Visualize Feature Importance
state | predicted_R_pv2p | predicted_D_pv2p | pred_winner |
---|---|---|---|
Arizona | 50.99581 | 49.00275 | R |
Georgia | 50.77415 | 49.22288 | R |
Michigan | 49.74140 | 50.25262 | D |
Nevada | 49.84690 | 50.14105 | D |
North Carolina | 50.84408 | 49.15466 | R |
Pennsylvania | 49.90251 | 50.08874 | D |
Wisconsin | 49.98305 | 50.01437 | D |
Here, we can see that Arizona, Georgia, and North Carolina are favored to vote red while the other states are favored to vote blue. In the feature importance graph, it is also clear that the latest week polling average is much more predictive than the two-month average.
I will now use a simulation to get an estimate of how confident we are in these results. I will do this by sampling new state-level polling measurements for each of our 7 states 10,000 times, assuming a normal distribution around the current polling values with a standard deviation determined by the average distance of each state’s poll away from the actual outcome.

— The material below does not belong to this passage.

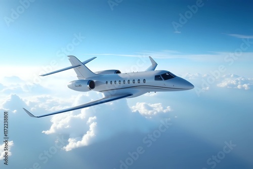 Luxury private jet at flying under blue sky with clouds. copy space for text

To create this standard deviation, I will take the average of the mean polling error of each state in 2016 and 2020 (weighted equally for both years) to capture the “Trump-era” polling error.
State | Weighted Error |
---|---|
Arizona | 0.7928877 |
Georgia | 0.5363407 |
Michigan | 2.3607260 |
Nevada | 1.2531877 |
North Carolina | 2.0568637 |
Pennsylvania | 1.9538101 |
Wisconsin | 3.6458086 |
Using the above weighted errors as standard deviations yields the following simulation breakdown.
State | D Win Percentage |
---|---|
Arizona | 6.58 |
Georgia | 7.53 |
Michigan | 60.49 |
Nevada | 61.16 |
North Carolina | 35.92 |
Pennsylvania | 59.55 |
Wisconsin | 55.02 |
Projections
Using this model, our ultimate electoral college would look as follows, with Vice President Kamala Harris narrowly squeaking out a win.
Citations:
Rakich, Nathaniel. “Which States Have the Most — and Least — Accurate Polls?” ABC News, ABC News Network, 25 Oct. 2024, abcnews.go.com/538/states-accurate-polls/story?id=115108709.
Data Sources:
Data are from the US presidential election popular vote results from 1948-2020, state-level polling data for 1980 onwards, and economic data from the St. Louis Fed.